EXERCISE REQUIREMENTS:
Without the pictures, output the records below exactly as they are.

□ □ □ □ □ □ □

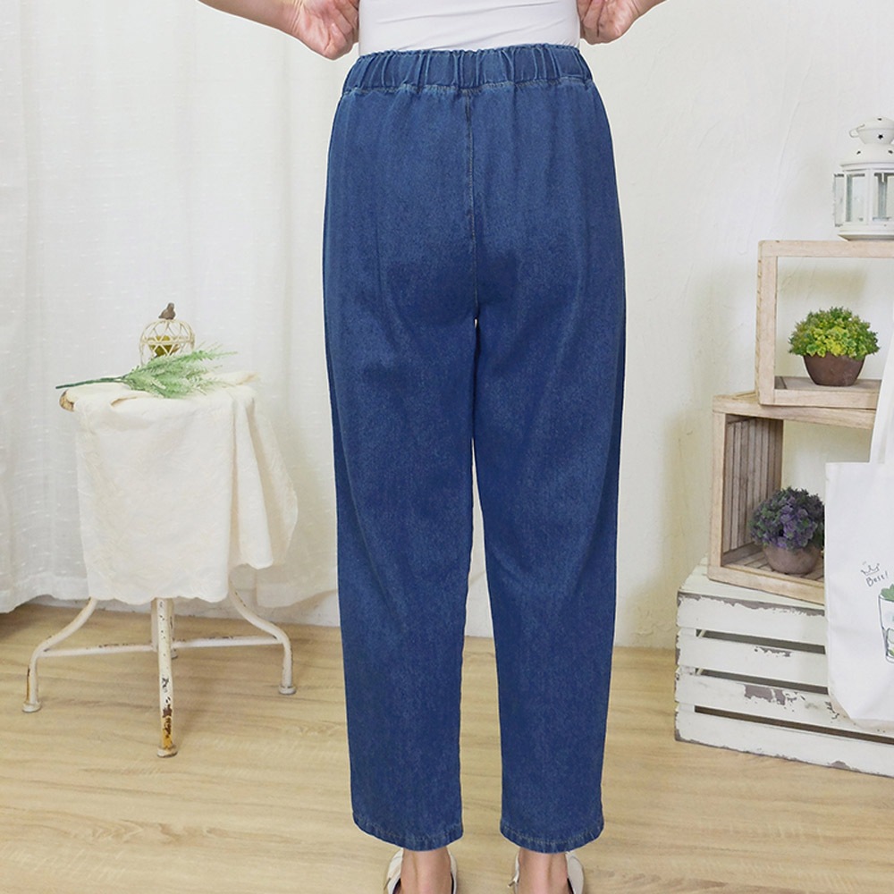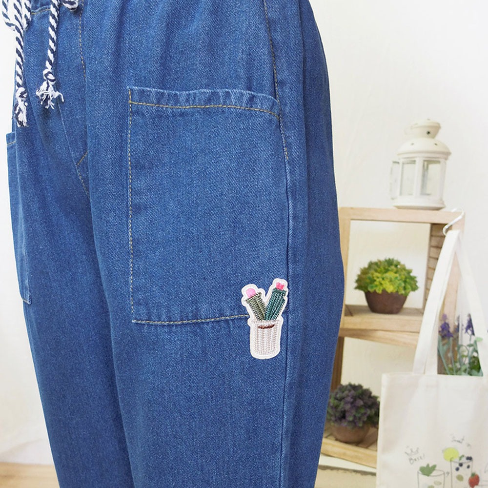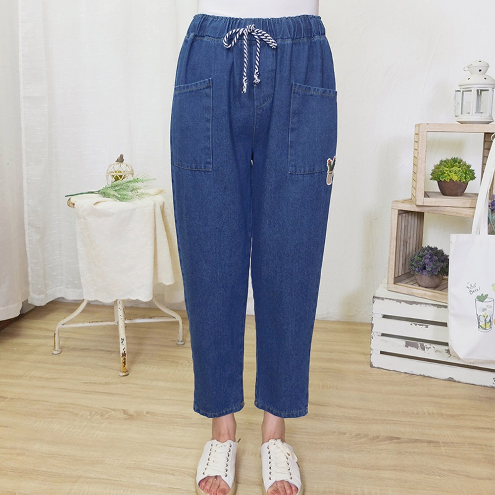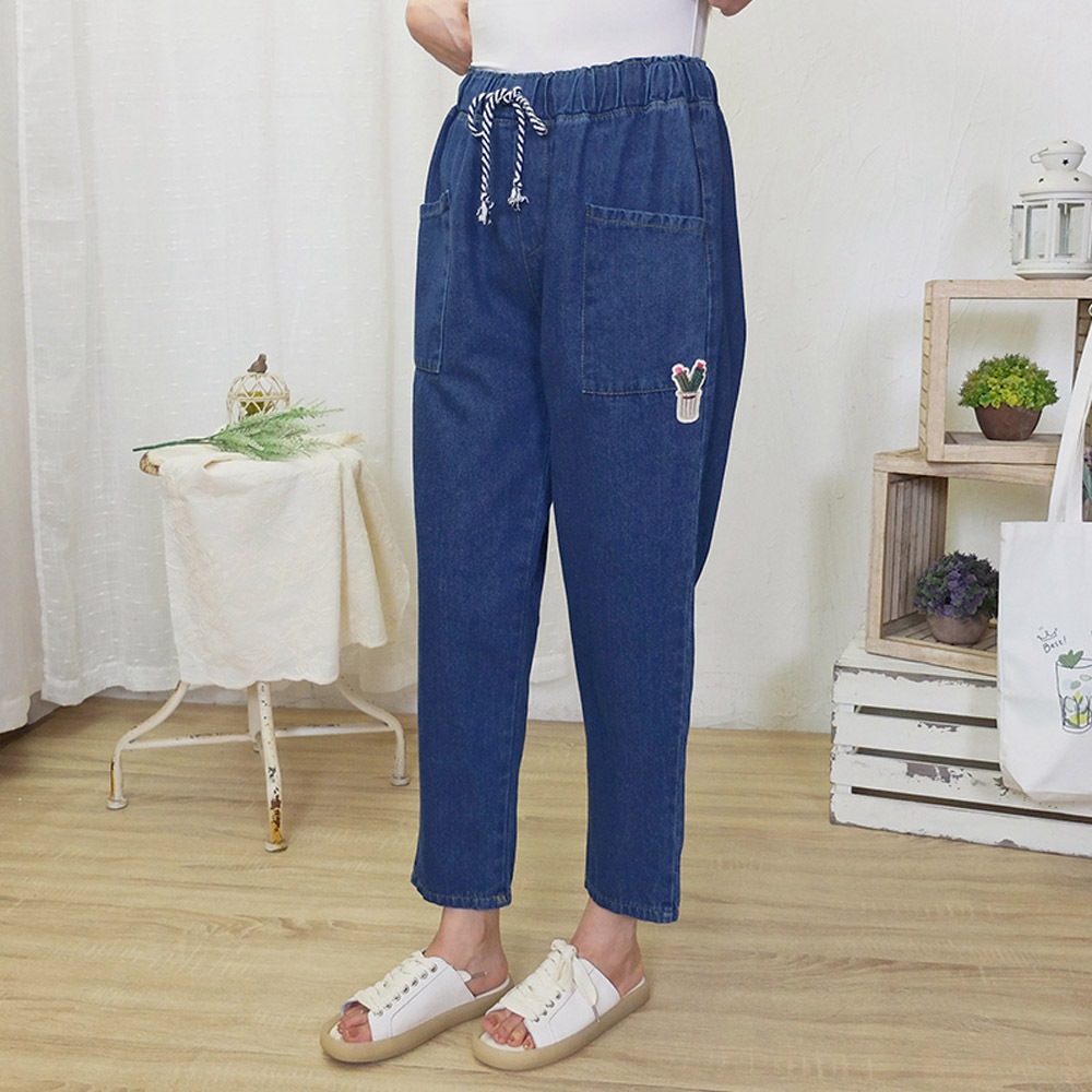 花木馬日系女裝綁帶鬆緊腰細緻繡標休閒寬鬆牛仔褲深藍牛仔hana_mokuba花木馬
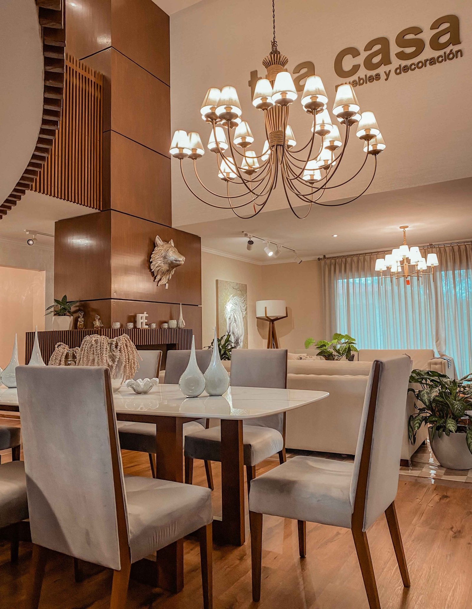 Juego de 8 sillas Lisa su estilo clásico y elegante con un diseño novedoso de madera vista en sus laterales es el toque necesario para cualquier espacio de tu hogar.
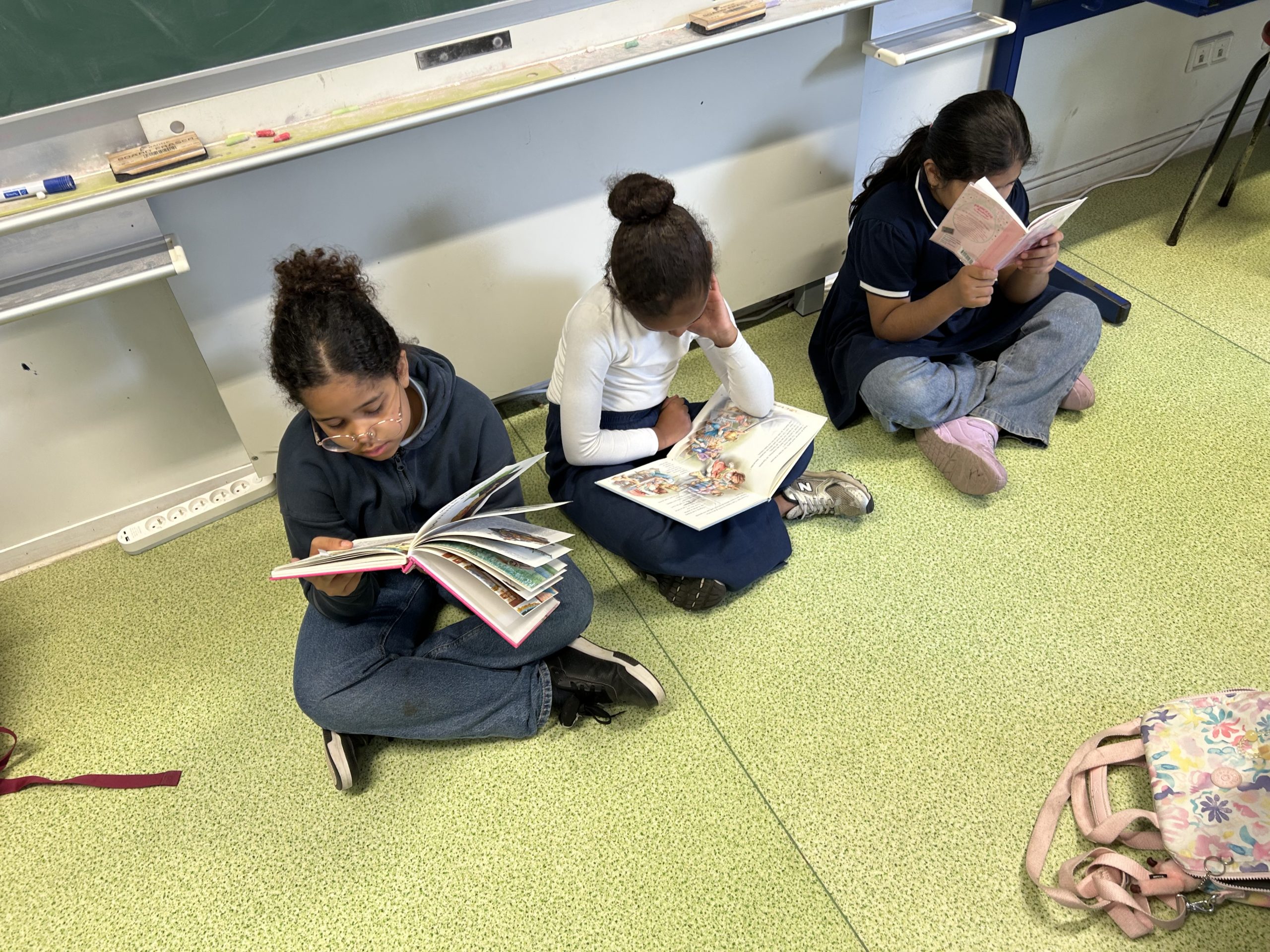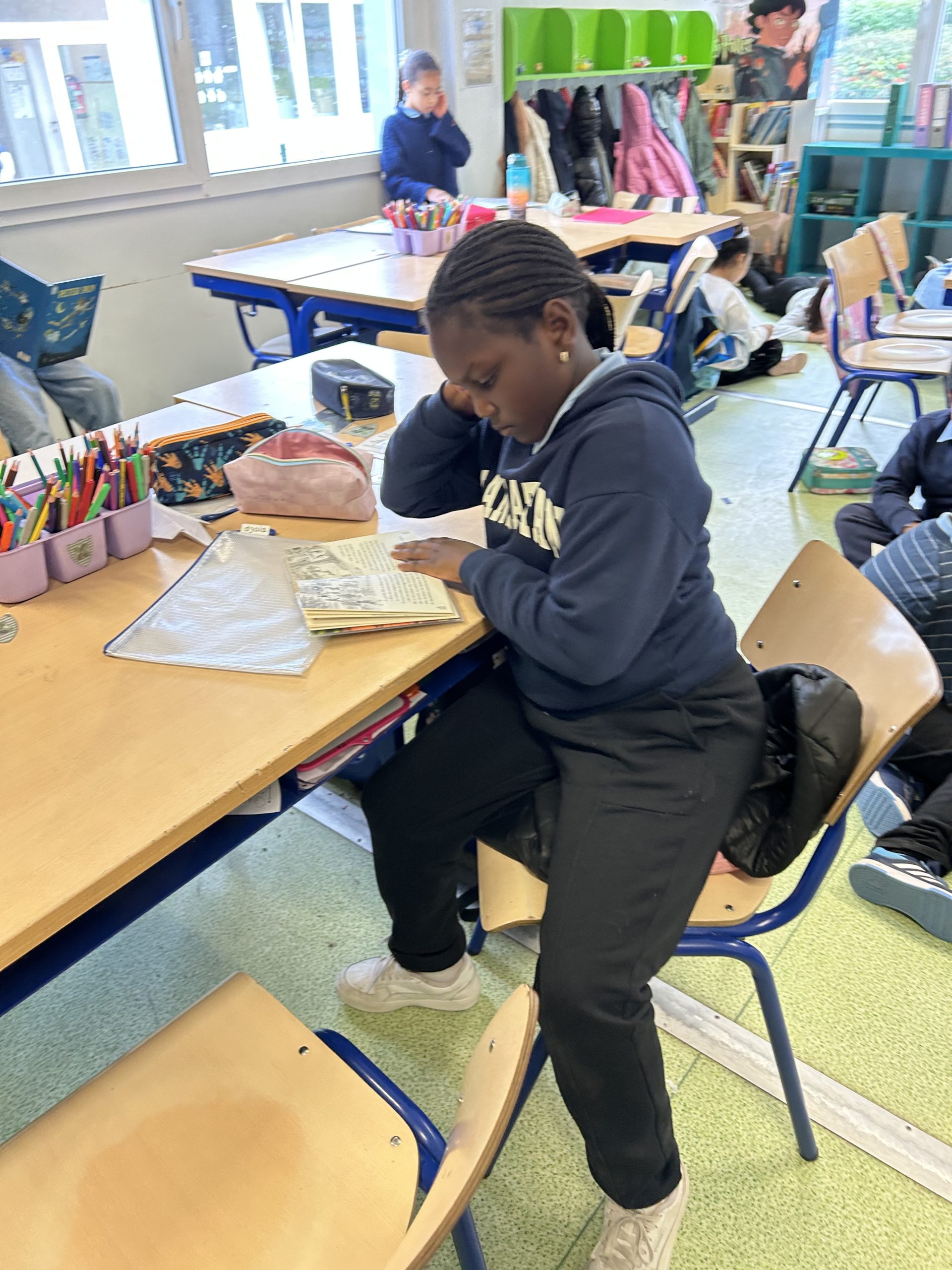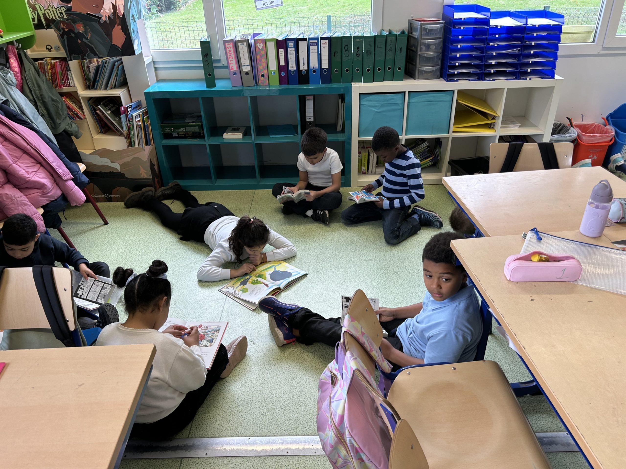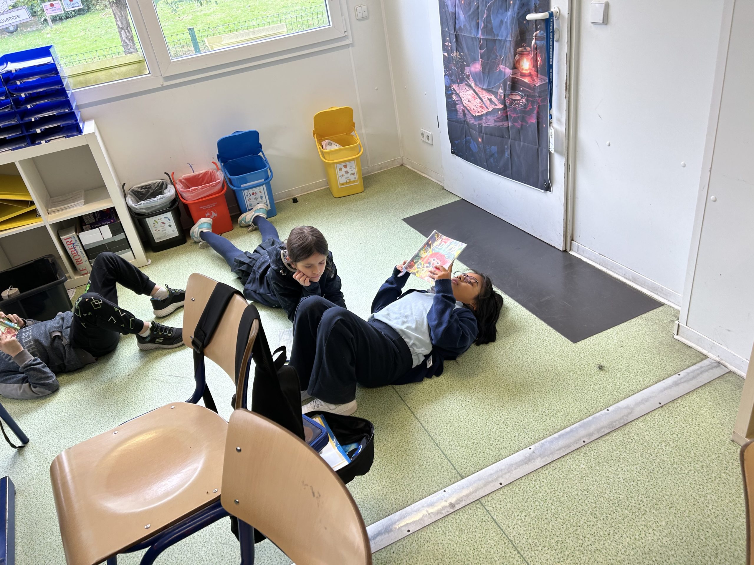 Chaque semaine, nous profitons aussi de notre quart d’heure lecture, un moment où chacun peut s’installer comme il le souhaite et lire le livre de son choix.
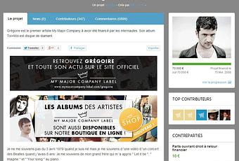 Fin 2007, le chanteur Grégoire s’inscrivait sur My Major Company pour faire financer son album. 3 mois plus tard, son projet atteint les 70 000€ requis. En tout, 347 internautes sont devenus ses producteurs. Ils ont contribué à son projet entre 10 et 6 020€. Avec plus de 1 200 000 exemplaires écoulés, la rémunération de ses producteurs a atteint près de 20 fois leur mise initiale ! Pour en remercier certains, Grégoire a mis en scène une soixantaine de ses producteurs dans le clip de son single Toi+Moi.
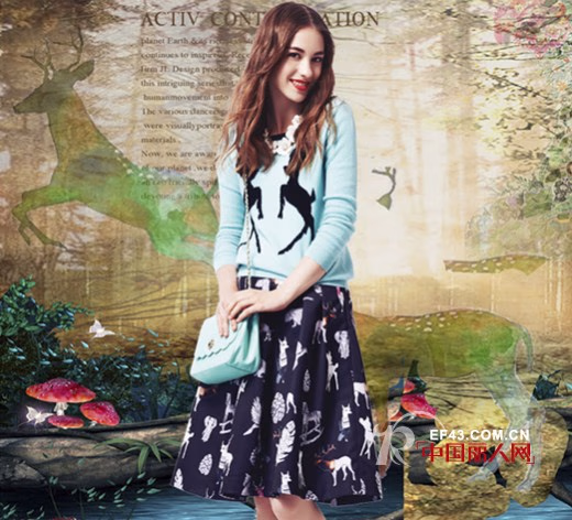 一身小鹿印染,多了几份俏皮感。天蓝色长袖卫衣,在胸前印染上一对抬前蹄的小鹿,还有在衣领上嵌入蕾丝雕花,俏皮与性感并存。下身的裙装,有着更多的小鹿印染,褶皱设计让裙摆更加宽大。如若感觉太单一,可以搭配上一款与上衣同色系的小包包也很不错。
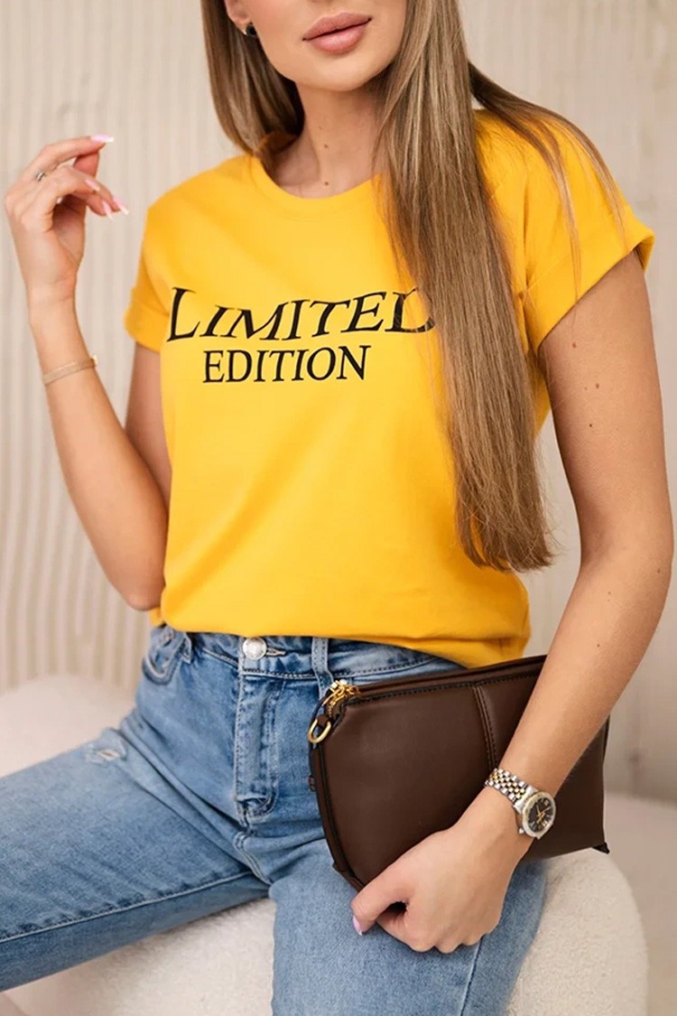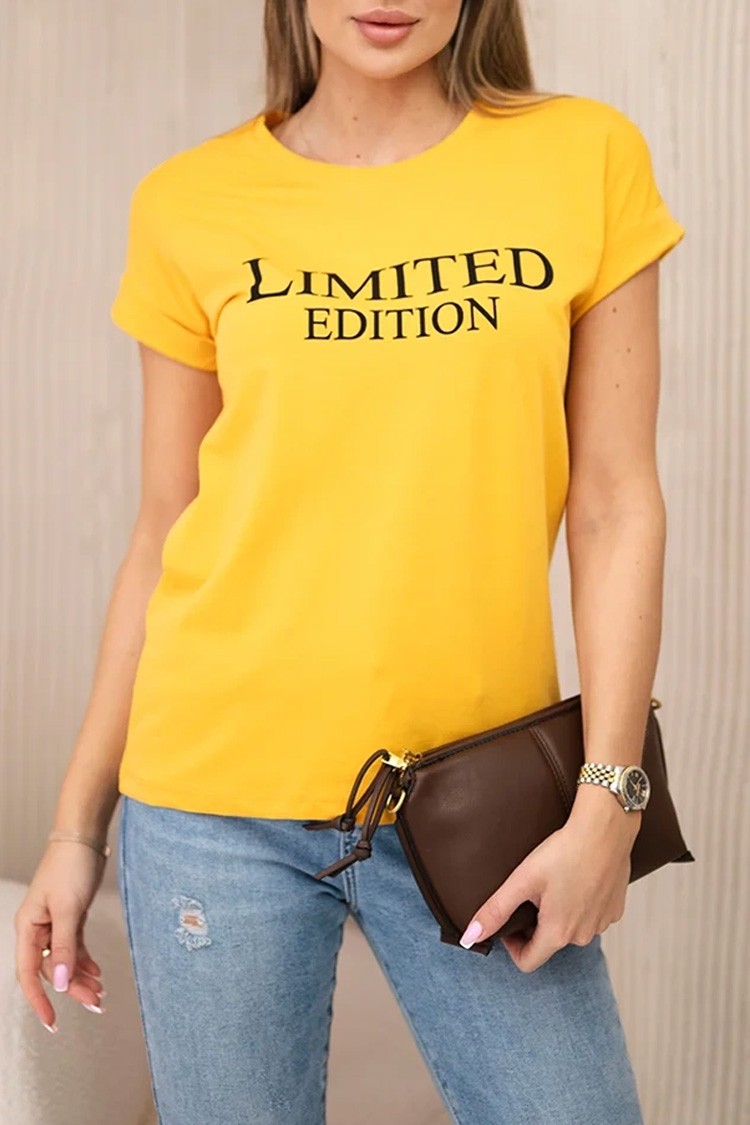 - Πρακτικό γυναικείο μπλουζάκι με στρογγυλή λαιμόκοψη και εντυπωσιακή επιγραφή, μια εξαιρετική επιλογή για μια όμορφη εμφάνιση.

□ □ □ □ □ □ □

RESPONSE TO THIS EXERCISE:
 花木馬日系女裝綁帶鬆緊腰細緻繡標休閒寬鬆牛仔褲深藍牛仔hana_mokuba花木馬
 Juego de 8 sillas Lisa su estilo clásico y elegante con un diseño novedoso de madera vista en sus laterales es el toque necesario para cualquier espacio de tu hogar.
 Chaque semaine, nous profitons aussi de notre quart d’heure lecture, un moment où chacun peut s’installer comme il le souhaite et lire le livre de son choix.
 Fin 2007, le chanteur Grégoire s’inscrivait sur My Major Company pour faire financer son album. 3 mois plus tard, son projet atteint les 70 000€ requis. En tout, 347 internautes sont devenus ses producteurs. Ils ont contribué à son projet entre 10 et 6 020€. Avec plus de 1 200 000 exemplaires écoulés, la rémunération de ses producteurs a atteint près de 20 fois leur mise initiale ! Pour en remercier certains, Grégoire a mis en scène une soixantaine de ses producteurs dans le clip de son single Toi+Moi.
 一身小鹿印染,多了几份俏皮感。天蓝色长袖卫衣,在胸前印染上一对抬前蹄的小鹿,还有在衣领上嵌入蕾丝雕花,俏皮与性感并存。下身的裙装,有着更多的小鹿印染,褶皱设计让裙摆更加宽大。如若感觉太单一,可以搭配上一款与上衣同色系的小包包也很不错。
 - Πρακτικό γυναικείο μπλουζάκι με στρογγυλή λαιμόκοψη και εντυπωσιακή επιγραφή, μια εξαιρετική επιλογή για μια όμορφη εμφάνιση.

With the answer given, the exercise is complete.